We’ve seen it a million times: Children who are sad, scared, and anxious act angry and destructive because they simply don’t know what else to do. They are experiencing a lot of intense emotions, and they aren’t quite sure how to handle them. They want to be helped, but they have never learned the right way to ask. All they know is that they’re scared. Kids who have born into traumatic situations don’t always have the emotional regulation and coping skills needed to make healthy choices in stressful and uncertain times. They are attempting to process adult sized issues with child sized brains. It’s really not a fair fight.

Infants in healthy environments quickly learn that crying is an effective way to get their needs met. When they are in an unhealthy environment, they learn that crying does not get their needs met, and could actually be harmful, so they stop crying. Once they are in a healthy environment, they relearn the effectiveness of crying. Sometimes, their needs are never fully met until they are toddlers or even school age children. This process often begins in foster homes after they are removed from their unfulfilling home. Once that begins to happen, they often revert to where their development was initially stunted. That means crying, or somehow being disruptive, when they have unmet needs. Over time kids (hopefully) learn better communication skills and ways to more effectively get what they need.

That’s why family teachers, foster parents, and parents in general have such an important job. Teaching social skills and coping mechanisms to kids doesn’t just help them to be successful at home and school. It gives them tools to use when they grow up and go out into a stressful world. Proverbs 22:6 says Train up a child in the way he should go, And when he is old he will not depart from it.  I just had a conversation with one of our boys about how sometimes we turn little issues into big issues because we’re trying to teach lessons about life that will help them when they grow up. Lessons that they probably should have learned already, but haven’t.

An incredibly effective way to teach these things to kids is through modeling. Kids are so often a mirror of what’s going on around them. If there’s arguing and yelling in their house, they are much more likely to argue and yell. If they’ve experienced sexual abuse, it’s much more likely that they will mirror that behavior with their peers. This is all they know, so they think it’s normal. They assume that’s how it’s supposed to be. That’s why the cycle of poverty and abuse is so strong. They don’t know any different. We get the chance to show our kids, maybe for the first time, how to interact respectfully with others and take care of themselves. As foster parents and family teachers our job isn’t just providing a home for children who need a safe place, it’s working to break the cycle of generational poverty and trauma that often leads to a child needing foster care.

Since I’m a non-confrontational person, I try to stay away from current event and political debates, but I have a hypothesis. What if rioting and unrest is the go-to for some people because as a child they were never taught coping skills to positively deal with negative emotions? Just like we see so often with our kids, these people are angry, anxious, fearful, and sad. Often rightly so.
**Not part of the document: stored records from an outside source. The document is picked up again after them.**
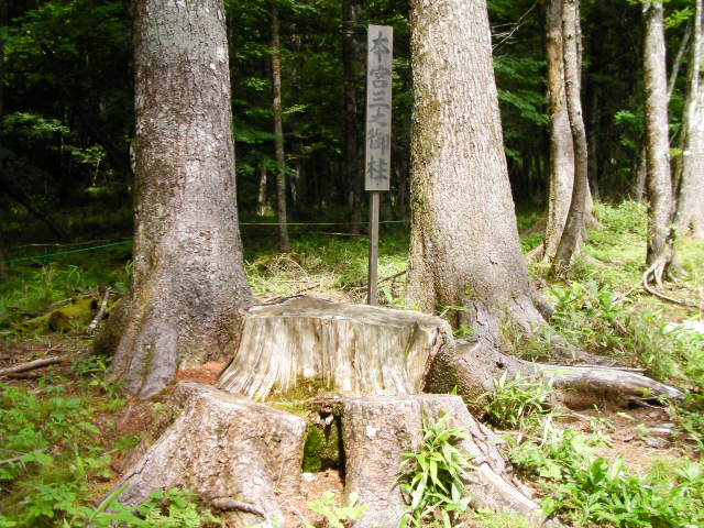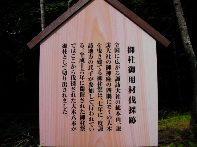 本来上社の御柱は諏訪大社が所有する阿弥陀岳の尾根筋に有る御小屋山で調達していましたが、昭和34年1959年の伊勢湾台風で多くの巨木が倒木してしまい、平成10年1998年には下諏訪町の東俣国有林から、平成16年2004年にはここ長野県北佐久郡立科町町有林から、平成22年2010年には再び北佐久郡立科町の蓼科山国有林と町有林から調達されました。
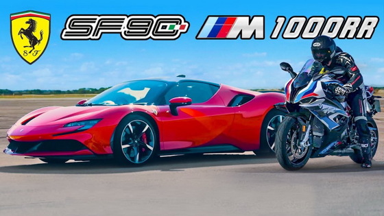 Британский YouTube-канал carwow устроил дрэг-гонку между быстрейшей серийной Ferrari — супергибридом SF90 Stradale — и супербайком BMW M 1000 RR. Победителя определили по итогам серии заездов с места на четверть мили, стартов с хода 30 и 50 миль в час (50 и 80 километров в час) на полмили, а финальным испытанием была оценка эффективности тормозных механизмов при замедлении со 100 миль в час (161 километр в час) до полной остановки.
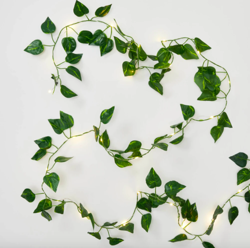 String these adorable fairy lights along the top of your bed or window to add a touch of no-maintenance greenery and warm up the space with some ambient lighting. You can even weave or tack them up around your mirror for a vanity to add instant glamour.
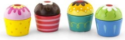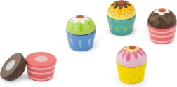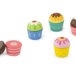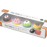 Popustite uzdu detskej fantázii a nechajte malého cukrára skladať vlastné sladké kombinácie. Každá tortička sa skladá z dvoch častí spojených suchým zipsom – polevu a korpus možno ľahko vymieňať znova a znova. Ideálny doplnok do detskej kuchynky aj na hru na obchod alebo kaviareň.
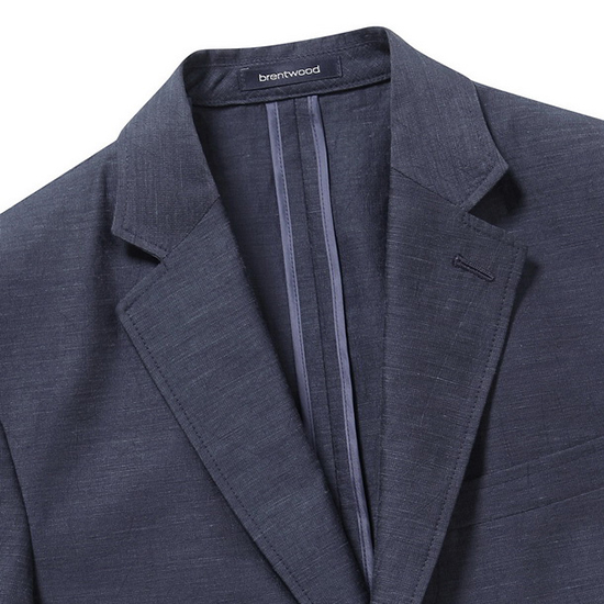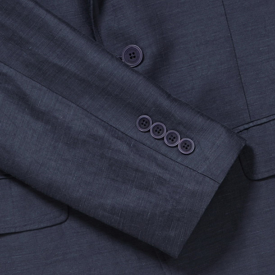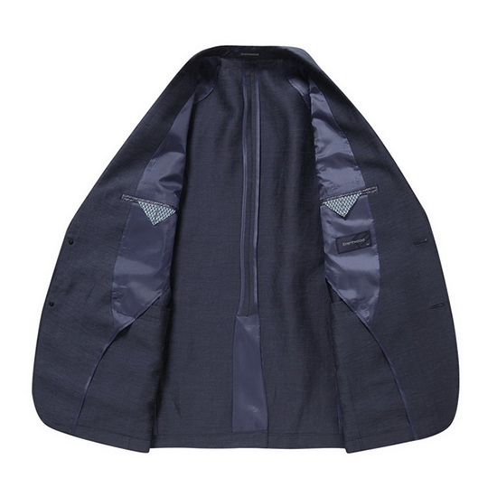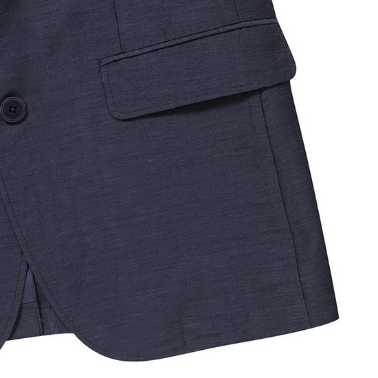 - 기본 라펠 디자인과 가슴판 웰트 포켓으로 클래식함.
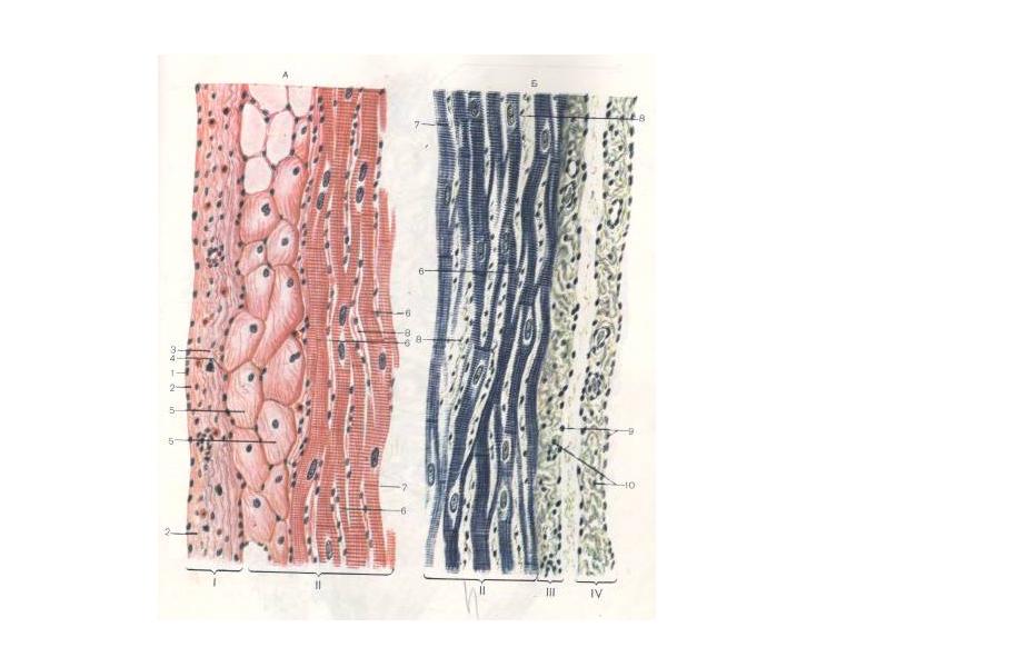 Эндокард по строению и происхождению соответствует всей стенке сосуда. В нем различают следующие слои: 3) Мышечно – эластический слой Миокард – состоит из поперечно – полосатой сердечной мышечной ткани является то, что сердечно – мышечные волокна представляют собой не симпаты, а соединенные конец в конец клетки – Кардиомиоциты. Различают типичные (сократительные, рабочие) волокна миокардасостоящие из рабочих миоцитов, и проводящие волокна, состоящие из рабочих миоцитов. Границы сердечных миоцитов образуют вставочные диски. Во вставочных дисках различают участки, служащие для прикрепления (пятно сцепления) и места, где возбуждение передастся с миоцита на миоцит, - щелевое соединение. Другими особенностями сердечных мышечных волокон является наличие анастомозов между клетками и центральное расположение ядер в кардиомиоцитах. Миофибриллы огибают ядра, оставляя свободной центральную часть цитоплазмы, где находятся митохондрии и комплекс Гольджи. Митохондрии располагаются также цепочками между миофибриоллами. Эндоплазматическая сеть не образует терминальных цистерн, как в скелетной мышечной ткани. Вместо этого формируется терминальные расширения канальцев эндоплазматичекой сети, которые принадлежат Т – трубок представляющих собой влечивание плазмапеммы Кардиомиоцитов. Проводящие миоциты образуют проводящую систему сердца, включающую синусо – предсердный узел, предсердно – желудочковый узел, предсердно – желудочковый пучок, ствол, правую и левую ножки, их ветви и проводящие мышечные волокна Пуркина. Проводящие миоциты отличаются от рабочих и друг от друга. Миоциты узла ппппппп типичных миоцитов и образуют сеть. Миоциты проводящих мышечных волокон Пуркина, крупнее типичных миоцитов. Цитоплазма проводящих миоцитов окрашивается бледнее, чем цитоплазма рабочих. Миофбриллы в ней малочисленны и не образуют общей поперечной почерченности. Цитоплазма богата

They want help and comfort, but they were never taught how to ask for help. So they act out. They respond with destructive behaviors, because they don’t know what else to do. They feel unheard and lost, so they make sure their voices can’t be ignored. I don’t have an answer for what’s happening now, but I believe that teaching social skills and coping mechanisms to kids can help future generations of adults better handle the inevitable hardships and negativity they will face.